放たれた矢は、緑の妖精に擦り傷つける事無く、砕け散ったのだ!

くすくすくす

鮮やかな緑の妖精を、強大過ぎる程の妖気が取り巻いたのはその時であった。
そして初めてサティンは、妖貴である自分の護り手でさえ、一歩も動けずにいる理由を知ったのだ。
妖鬼達に刻まれた妖気の波動には大いに覚えがあった。
ラエスリールが浮城に来た当時、彼女に引っ付いていた、物騒なアレだ。
なんで...。
深紅の青年に恨みを買った覚えは無い。
大体妹分のラエスリールが、こんな風に自分達を貶める事を許すだろうか?
...有り得ない――これだけは自信を持って断言出来る。

「だから、早くお帰りと言っているのですよ」

今度こそ緑の妖鬼はサティンに背を向けて、女の髪に絡まれて身動きが取れない『屈強の男』の背後にスイと移動した。 その手には、いつの間にかギラギラとした剣が握られていた。

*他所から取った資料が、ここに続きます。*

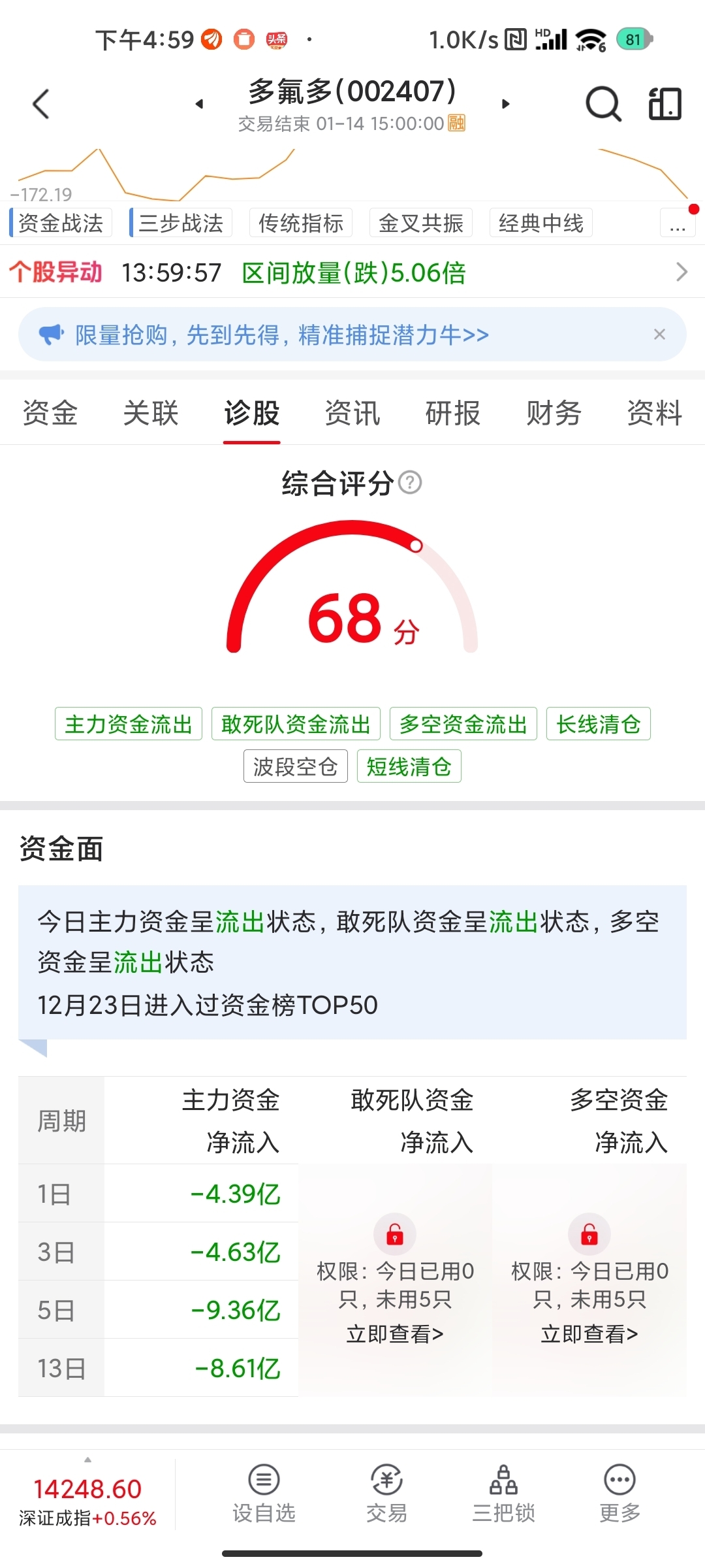 $多氟多(SZ002407)$ 明天还能跌多少谁也不知道,但是刚才查看了一下主力13天时间跑了8.6个亿。这个企业自己都不看好自己的公司了,清仓式卖出,间接式连着跌了7天了。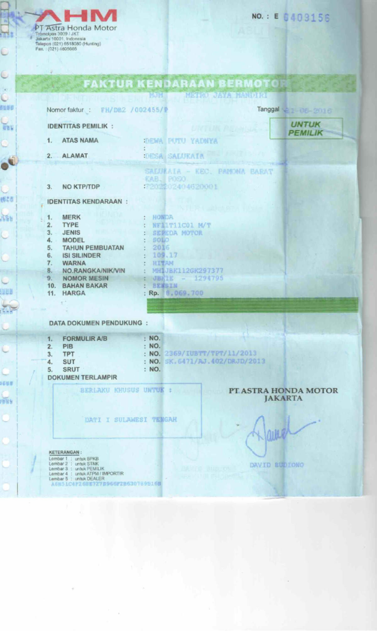 UNIT TIDAK DILAKUKAN PENGECEKAN OLEH TIM SMARTBID// SEBELUM MELAKUKAN PENAWARAN HARAP CEK KONDISI UNIT DAN DOKUMEN TERLEBIH DAHULU// WAJIB MENGHUBUNGI PIC DAN DATANG KE LOKASI UNTUK PENGECEKAN UNIT// UNIT DILELANG APA ADANYA PERMASALAHAN YANG TIMBUL DILUAR TANGGUNG JAWAB SMARTBID// JIKA INGIN MENGAMBIL UNIT HARAP UNTUK KONFIRMASI DAHULU KE SMARTBID // JIKA YANG MENGAMBIL BIDDER HARAP MEMBAWA KTP ASLI// PENGAMBILAN UNIT H+2 HARI KERJA SETELAH PELUNASAN/ADA PERBEDAAN WARNA FISIK DENGAN BPKB//WARNA FISIK PUTIH,WARNA DOKUMEN HITAM// PEMENANG WAJIB TTD SURAT PERNYATAAN DI ATAS MATERAI// NOPOL FISIK TA//FOTO FISIK NOKA NOSIN TA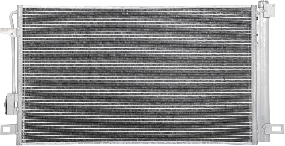 Air Conditioning System ---- Air Conditioning A/C Condenser is located under the engine hood of the vehicle and plays most of the cooling function (similar to a radiator), converting compressed refrigerant vapor into subcooled liquid, and releasing heat to the external air through these fins. The car air conditioning system receives thermal energy from the evaporator in the passenger compartment and releases it into the external air through the condenser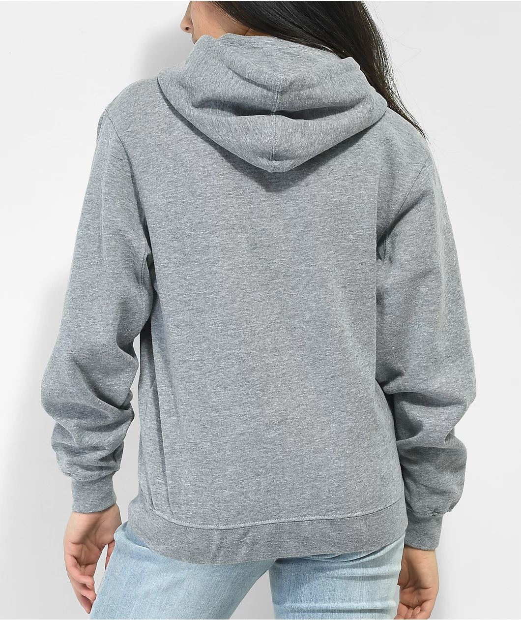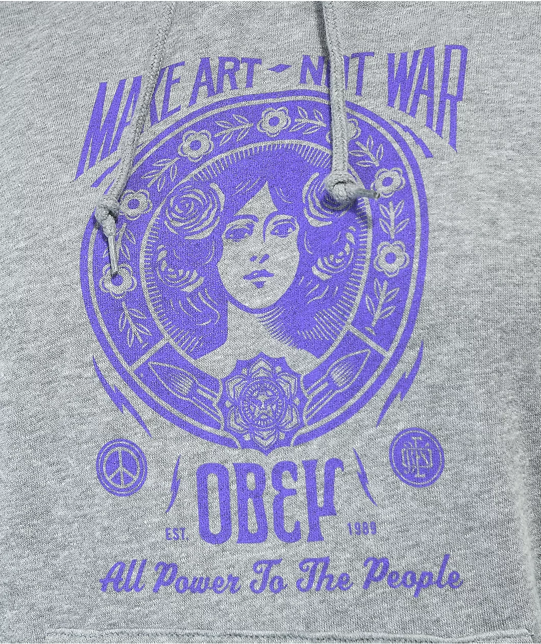 Super soft and lightweight, the Make Art Not War hoodie from Obey is made from a premium cotton-poly blend, and has a classic fit accompanied by the classic adjustable hood and kangaroo pouch pocket. This Obey hoodie has a heather grey colorway with a screen-printed purple graphic on the chest of a woman bordered by a floral pattern, and “Make art not war | All power to the people” text.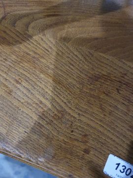 Ercol elm sideboard, the rectangular top above three cupboard doors, two drawers under, to castors, 129cm x 76cmCondition ReportSurface scratches, scuff & knocks to the wood. Some light fading, discoloration staining.  One drawer handle has a chip and crack, another has a crack.  General wear and tear commensurate with age and use, see photos.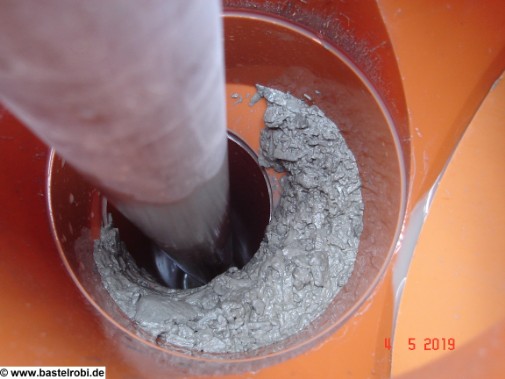 Das 150er KG-Rohr hat den Nachteil dass die Strömungsgeschwindigkeit des rückfließenden Spülwassers langsamer ist als in der Bohrung selber. Das bedeutet dass die durch die Bohrung gelösten Sedimente aus der Tiefe mit dem Spülwasser hochgespült werden aber innerhalb des 150er Rohres wieder absinken. Bei Entnahme des Bohrgestänges fiel der Dreck wieder in das Bohrloch.
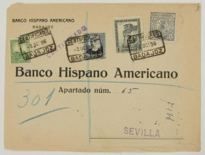 7/oct/36.Bonito franqueo +5c paro obrero en sobre certificado de Badajoz a Sevilla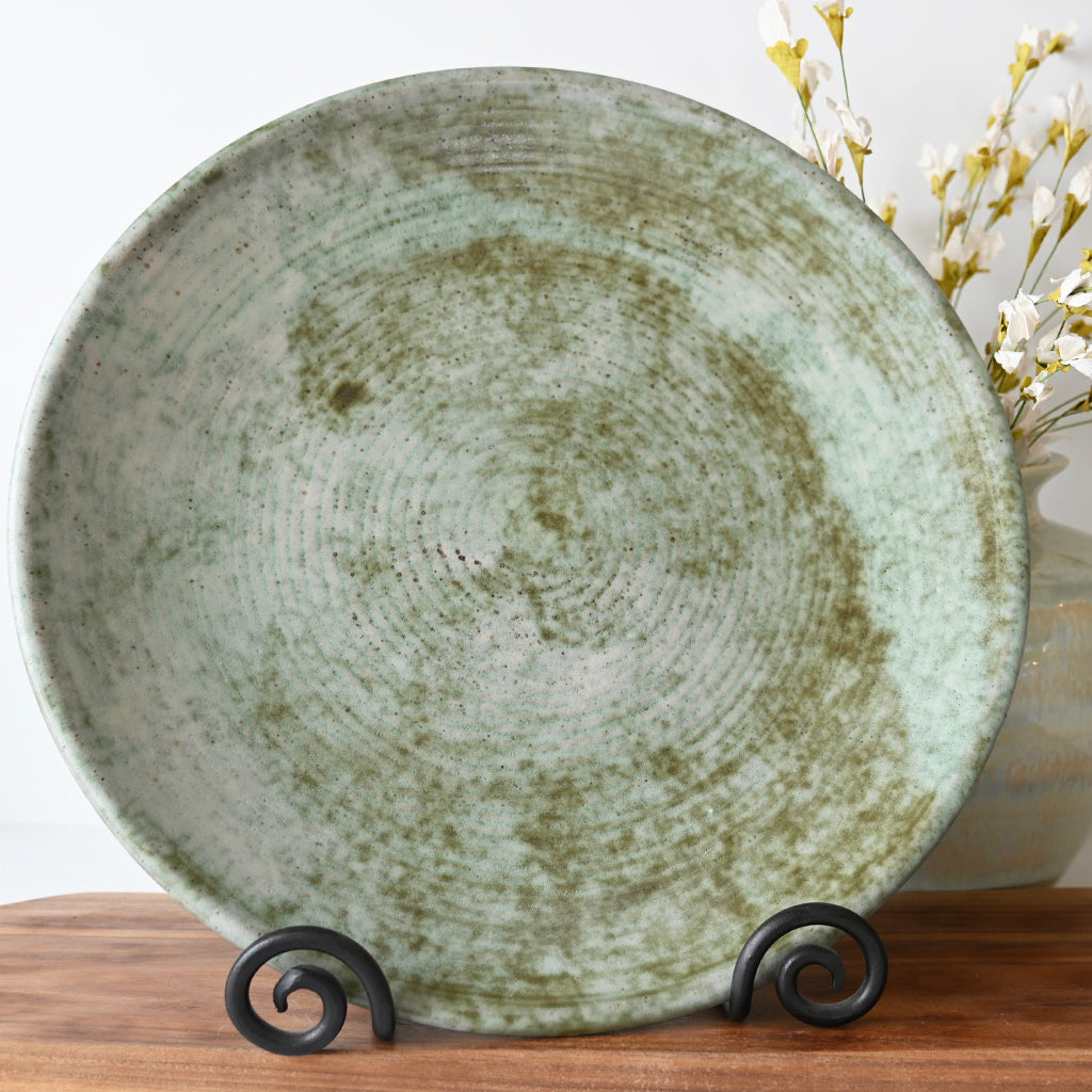 The rich earth tones of the Mississippi Delta are captured in the glazes and textures of this pottery, crafted with care by the Woods Brothers of Mound Bayou, MS. This piece measures 16 inches in diameter.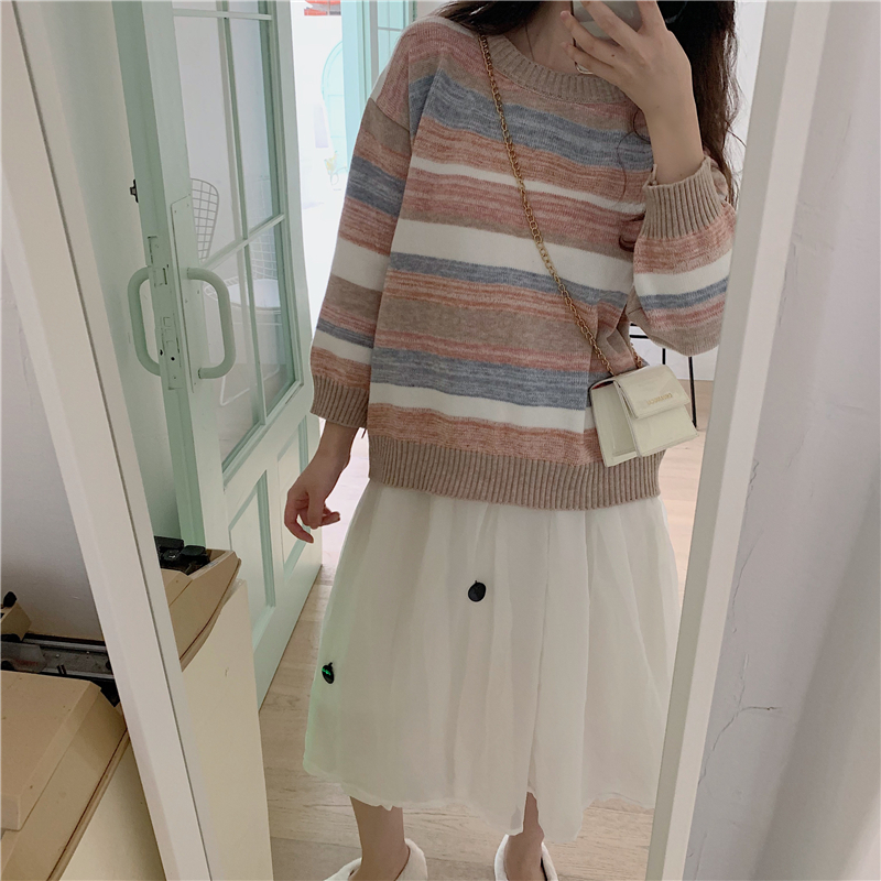 2018冬季新款休閑拼色毛衣修身九分袖上衣+高腰網紗半身裙女套裝

...ならば、あの性悪な深紅の青年は、面白がってこんな事を仕組んでくれたのだ。
沸々と静かな怒りが湧いて来た。
あ、あんのぉ...極悪迷惑大魔神っっっっ!!!!!!

「鎖縛っっ!! さっさと正体をバラせばいいのよっ!!」

届かないとは分かってはいても、叫ばずにはいられなかった。

「気をつけなさいって、言ってるのよっっっ!!!」

悲痛な叫びも虚しく、妖鬼の剣は、鎖縛に向かって振り下ろされた――。